Pre-emptive treatment with mold-active systemic anti-fungal agents improves clinical outcomes, while other micro-organisms are preferably treated only when microbiologically documented. High-dose trimethoprim/sulfamethoxazole is the first-choice agent for the treatment of PJP. CMV pneumonia is treated primarily with ganciclovir or foscarnet in most patients, assessing the possibility of specific intravenous immunoglobulins in alo-HTP receptors [17]. In a considerable number of patients, clinical outcomes may be favourable despite ARF. Hence, intensive care should be unrestrictedly provided in patients whose prognosis is not desperate due to other reasons.

SUMMARY AND CONCLUSIONS

The management of immunocompromised patients with diffuse pulmonary infiltrates remains a common and recurrently difficult problem with a wide range of range of diagnostic possibilities.
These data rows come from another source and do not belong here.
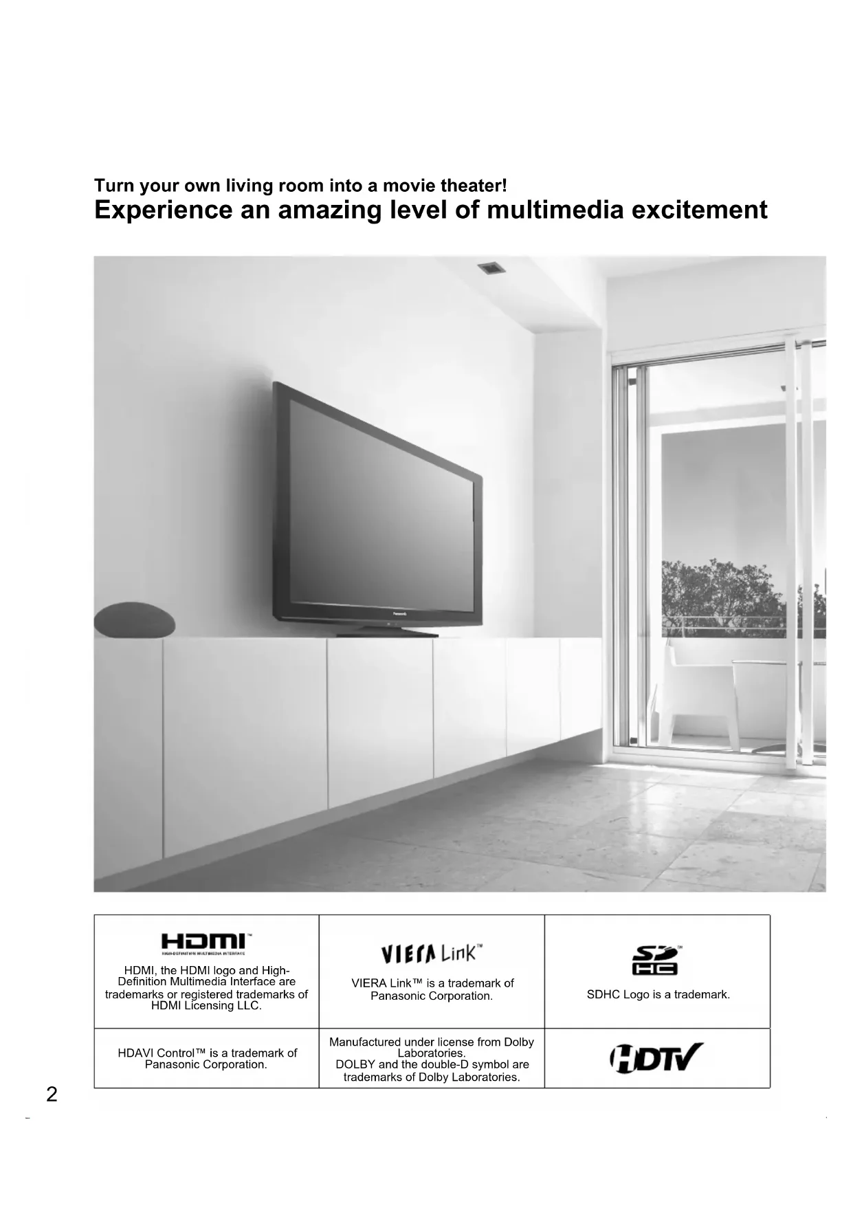 Guide This product qualifies for ENERGY STAR in the “Home” setting and this is the setting in which energy savings will be achieved. Any modifications to the “Home” setting or other factory default settings could result in greater energy consumption beyond levels that meet ENERGY STAR qualifications.iPod is a trademark of Apple Inc., registered in the U.S. and other countries. Watching TV ··············································· 17 Using VIERA TOOLS ································· 19 Viewing from SD Card ·······························20 Watching Videos and DVDs ······················· 22 Displaying PC Screen on TV ····················· 24 Playing an iPod on TV ······························· 25 How to Use Menu Functions (picture, sound quality, etc.) ······················· 28 VIERA Link TM “HDAVI Control TM ” ················ 32 Lock ··························································· 38 Editing and Setting Channels····················· 40 Closed Caption ·········································· 42 Input Labels ··············································· 43 Using Timer ················································ 44 Recommended AV Connections ················ 45 Ratings List for Lock ··································46 Technical Information ································· 47 Care and Cleaning ····································· 51 FAQ ···························································· 52 Specifications ············································· 54 Limited Warranty (for U.S.A. and Puerto Rico only)··············· 55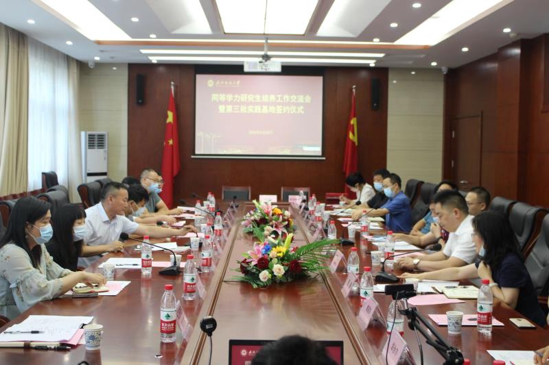 6月30日下午,williamhill官网威廉希尔研究生培养工作交流会暨第三批实践基地签约仪式在南湖校区举行。新老实践基地负责人、继教学院领导班子及全体教职工参会,因疫情不能到会的实践基地通过线上方式全程参会。会议由williamhill官网副院长施静主持。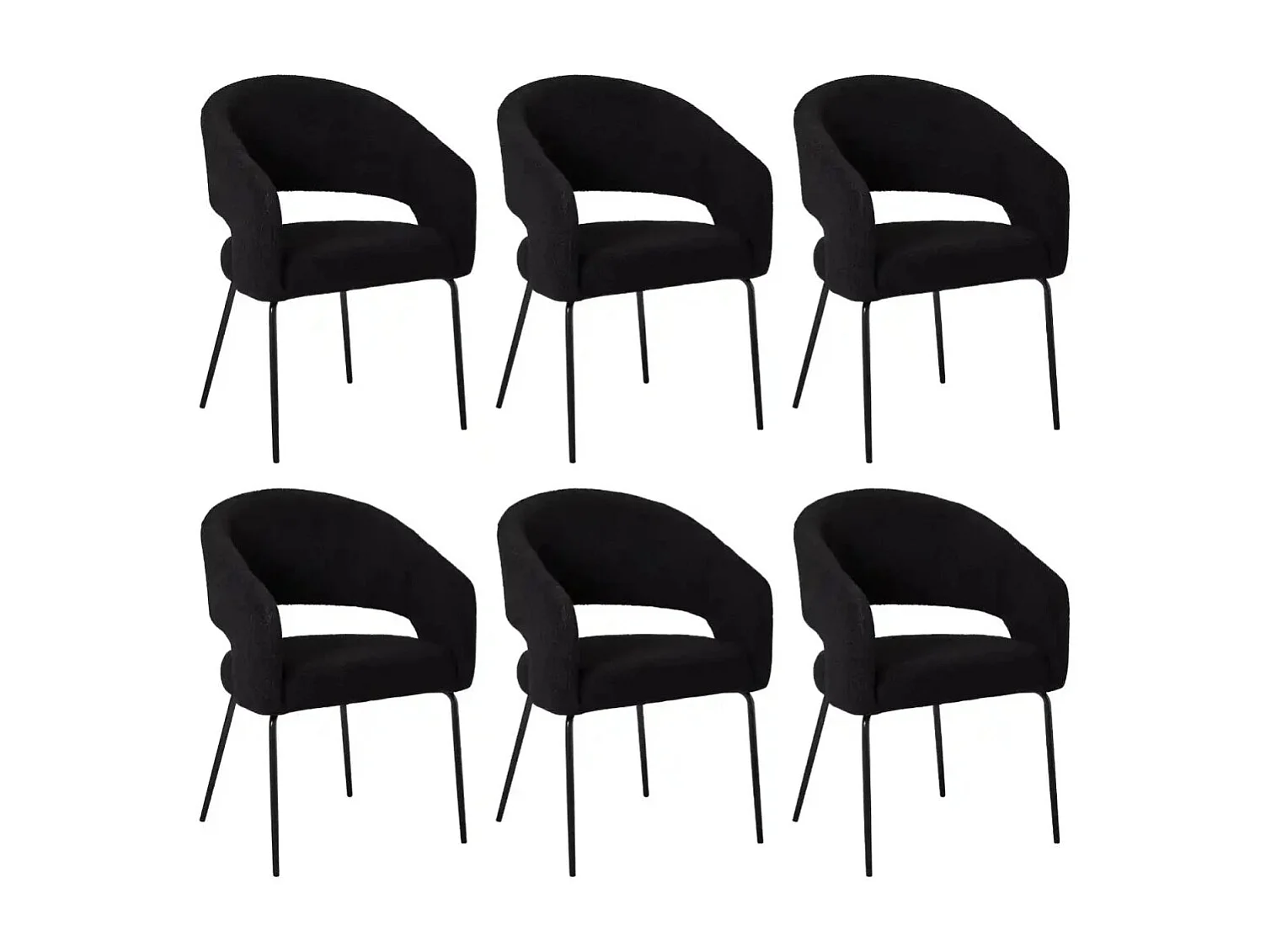 Esszimmerstühle 6er Set Natalie - Stoff (Bouclé) & Metall - Schwarz

Non-invasive diagnostic procedures are of low utility, and the drugs available for empiric therapy have sometimes severe toxic effects. Although guidelines for management have been developed, they may be predicated on data from a single institution or depend on diagnostic procedures and laboratory facilities not necessarily available to physicians in all locations.

The increase in survival in patients with cancer and immune-mediated inflammatory diseases is paralleled by an increase in the frequency of critically ill immunosuppressed patients with severe infections. Severe bacterial pneumonias, followed by viral, fungal, and more rarely, parasitic infections are the leading cause for acute hypoxemic respiratory failure in these patients. When ICU admission is needed, mortality rates are high. Knowledge of the underlying immune deficiency and a complete clinico-radiological evaluation can guide the diagnostic strategy by targeting the most likely infectious agents and deciding on invasive versus non-invasive approaches. Increasingly sophisticated non-invasive diagnostic tools entailing lower morbidity than invasive techniques and are now available or under evaluation (e.g., real-time PCR, next-generation sequencing, and transcriptomics). These tools might allow an earlier diagnosis and thus improve survival in immunocompromised patients with severe pulmonary infections.

Controversy still exists regarding whether making a definitive diagnosis in these patients has an impact on the overall outcome. An individualized approach must take into consideration local resources, patient’s age and prognosis, type of immunosuppression, family and patient’s opinions regarding the use of invasive measures and heroic support, and previous patterns of infection in the institution. Invasive procedures should only be performed if a specific therapeutic management is expected to change based upon results.